I wrote this piece with my colleague Andrea Levien.
The New York Times recently published a long analysis by Adam Liptak about the advantages conferred on small states by their outsized representation in the U.S. Senate. It's an important article, but marred by its inclusion of the Electoral College as part of its analysis.
Liptak's overall argument centers on the fact that the U.S. Senate tilts federal dollars toward residents of smaller states. Consider that the quarter of our population lives in the nation's 31 least populous states has 62 senators, while another quarter of the population in the nation's three most populous states, has only six senators. This incredible distortion means that residents of small towns in Alaska and Vermont are favored over residents of comparable towns in New York and Texas.

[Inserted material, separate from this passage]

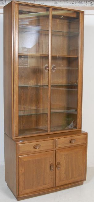 Ercol - Lucian Ercolani - An Ercol elm bookcase cabinet vitrine having twin glazed doors opening to reveal a shelved interior raised on a square base. The base having chamfered edges, twin drawers with circular pulls over a double door cabinet opening to reveal a shelved interior.Measures, 213 cm H x 92 cm W x 44 cm D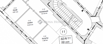 A 11 lakás: A második emeleti ingatlan 59 m2 alapterületű, amerikai konyhás nappali, egy hálószoba, gardrób és fürdőszoba kapott helyet benne, a hangulatos lakás tágas, világos, délnyugati tájolású, kilátással a sétáló utcára...

But Liptak wrongly suggests that reforming the Electoral College with the National Popular Vote plan for president has anything to do with the inequality between small and large states. It is true that every state, regardless of its population size, is entitled to at least three Electoral College votes, (one for each House and Senate seat) and that, as a result, Wyoming has 192,137 residents per elector, compared to the 691,662, residents per elector in California.
But this math doesn't account for that fact that states allocate electoral votes on a winner-take-all basis. Due to winner-take-all rules, small state math means absolutely nothing to presidential campaigns and to presidents once in office. Instead, one and only one factor governs whether presidential candidates will focus on a given state's potential voters: whether that state is likely to be a swing state in the next election.
With winner-take-all, if one candidate is comfortably ahead in a state -- or, as is the case with some 40 states today, one party is sure to win the state in the next close election, no matter who the candidates are -- then that state's voters are good for only two things to presidential candidates: donating money and influencing voters in swing states. Unless they are swing states, presidential candidates will ignore states of all sizes.
In 2012, for example, 24 of the nation's 27 smallest states received neither a single public campaign event after the party conventions nor were targeted by a single dollar in presidential campaign ad money after Mitt Romney became the presumptive Republican nominee on April 11. They were ignored despite their supposed numerical advantage in the Electoral College. In fact, the 8.6 million eligible voters in Ohio received more campaign ads and campaign visits from the major party campaigns than the 42 million eligible voters in those 27 smallest states combined.
In addition, presidents woo states based on swing state status, not population size. Brookings Fellow John Hudak recently analyzed the apportionment of federal grants by the executive branch and found that swing states received about 7.6 percent more federal grants and about 5.7 percent more federal grant money between 1992 and 2008 than would be expected based on patterns in other states.
As a result, the National Popular Vote plan does not "counteract" the excess power of small states. In fact, it does just the opposite, giving voters in small states the attention and electoral clout that they deserve in proportion to their votes. In a national popular vote, in which every vote is equally valuable, presidential candidates would seek to encourage participation and court voters everywhere, working in tandem with state parties trying to win gubernatorial and congressional races.
Underscoring the fact that small states are not helped by current Electoral College rules is small state support for a popular vote. All 50 states have had a representative in Congress sponsor or vote for legislation to switch to a national popular vote over the past 45 years. Hawaii, Vermont, and the District of Columbia, each of which have fewer than five electoral votes, have adopted the National Popular Vote plan, and the plan has passed legislative chambers in eight more states with fewer than eight electoral votes: Arkansas, Connecticut, Delaware, Maine, Nevada, New Mexico, Oregon and Rhode Island.
The myth about the Electoral College and small states is a persistent one, but it's time for our nation's political analysts to get it right. The mathematical bonus small states get from having two senators has a real, practical effect on government policy because of the Senate, not the Electoral College. Rather than balance power between large and small states, the National Popular Vote plan balances influence between a handful of swing states and other Americans, upholding a principle fundamental to any representative democracy: one person, one vote.